Pasuruan, PURIonline — Pemerintah Provinsi Jawa Barat resmi menetapkan Upah Minimum Kabupaten/Kota (UMK) dan Upah Minimum Sektoral Kabupaten/Kota (UMSK) Tahun 2026. Penetapan tersebut ditandai dengan ditandatanganinya keputusan oleh Gubernur Jawa Barat, Dedi Mulyadi (KDM), pada Rabu, 24 Desember 2025.
Penandatanganan UMK dan UMSK 2026 ini disambut positif oleh kalangan pekerja dan buruh, setelah melalui proses panjang pembahasan antara pemerintah daerah, dewan pengupahan, asosiasi pengusaha, dan serikat pekerja. Kebijakan ini diharapkan dapat memberikan kepastian hukum bagi dunia usaha sekaligus meningkatkan kesejahteraan pekerja di seluruh wilayah Jawa Barat.
Berdasarkan keputusan tersebut, Kota Bekasi kembali menjadi daerah dengan UMK tertinggi di Jawa Barat, sementara sejumlah daerah lain menyesuaikan besaran upah sesuai dengan kondisi ekonomi dan kebutuhan hidup layak di masing-masing wilayah.

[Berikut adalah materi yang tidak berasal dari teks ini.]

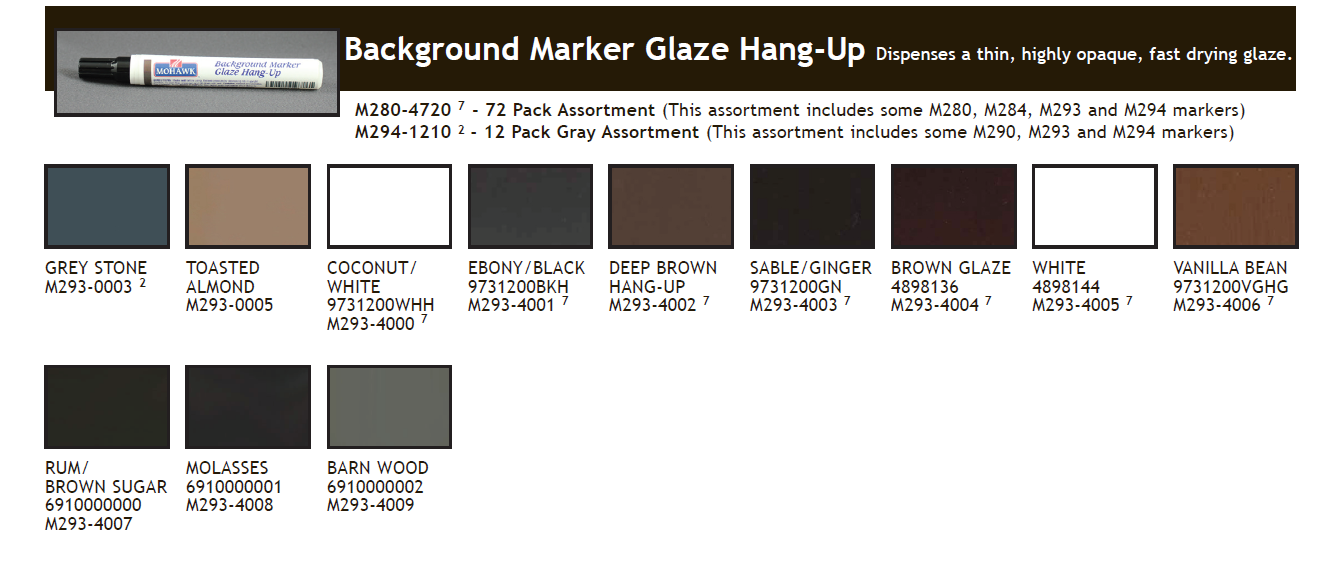 Mohawk’s Background Glaze Touch up marker dispenses a thin, highly opaque, fast drying glaze.

Berikut daftar UMK 2026 di seluruh kabupaten dan kota se-Jawa Barat:
Kota Bekasi: Rp5.992.931,93
Kabupaten Karawang: Rp5.886.852,34
Kabupaten Bekasi: Rp5.938.885,00
Kabupaten Purwakarta: Rp5.052.856,00
Kabupaten Subang: Rp3.737.482,00
Kota Depok: Rp5.522.662,00
Kota Bogor: Rp5.437.203,00
Kabupaten Bogor: Rp5.161.769,00
Kabupaten Sukabumi: Rp3.893.201,00
Kabupaten Cianjur: Rp3.338.359,18
Kota Sukabumi: Rp3.192.807,00
Kota Bandung: Rp4.737.678,00
Kota Cimahi: Rp4.090.568,00
Kabupaten Bandung Barat: Rp3.990.428,00
Kabupaten Sumedang: Rp3.949.855,36
Kabupaten Bandung: Rp3.972.202,00
Kabupaten Indramayu: Rp2.910.254,00
Kota Cirebon: Rp2.878.646,00
Kabupaten Cirebon: Rp2.880.797,86
Kabupaten Majalengka: Rp2.595.368,00
Kabupaten Kuningan: Rp2.369.379,27
Kota Tasikmalaya: Rp2.980.336,00
Kabupaten Tasikmalaya: Rp2.871.874,00
Kabupaten Garut: Rp2.472.227,00
Kabupaten Ciamis: Rp2.373.643,46
Kabupaten Pangandaran: Rp2.351.250,00
Kota Banjar: Rp2.361.777,09
Berikut daftar lengkap UMSK 2026 Kota/Kab. di Jawa Barat:
Dengan ditetapkannya UMK dan UMSK 2026 ini, perusahaan diharapkan segera menyesuaikan struktur pengupahan sesuai ketentuan yang berlaku. Sementara itu, pemerintah daerah diminta untuk mengawal pelaksanaan kebijakan ini agar berjalan adil dan berpihak pada peningkatan kesejahteraan pekerja tanpa mengabaikan keberlangsungan dunia usaha.
Sedangkan untuk UMK dan UMSK Jawa Timur hingga berita ini diturunkan Rabu (24/12/25) pukul 20.26 WIB masih alot dan belum disahkan, sehingga masa aksi gabungan Serikat Pekerja/Serikat Buruh masih bertahan di Surabaya.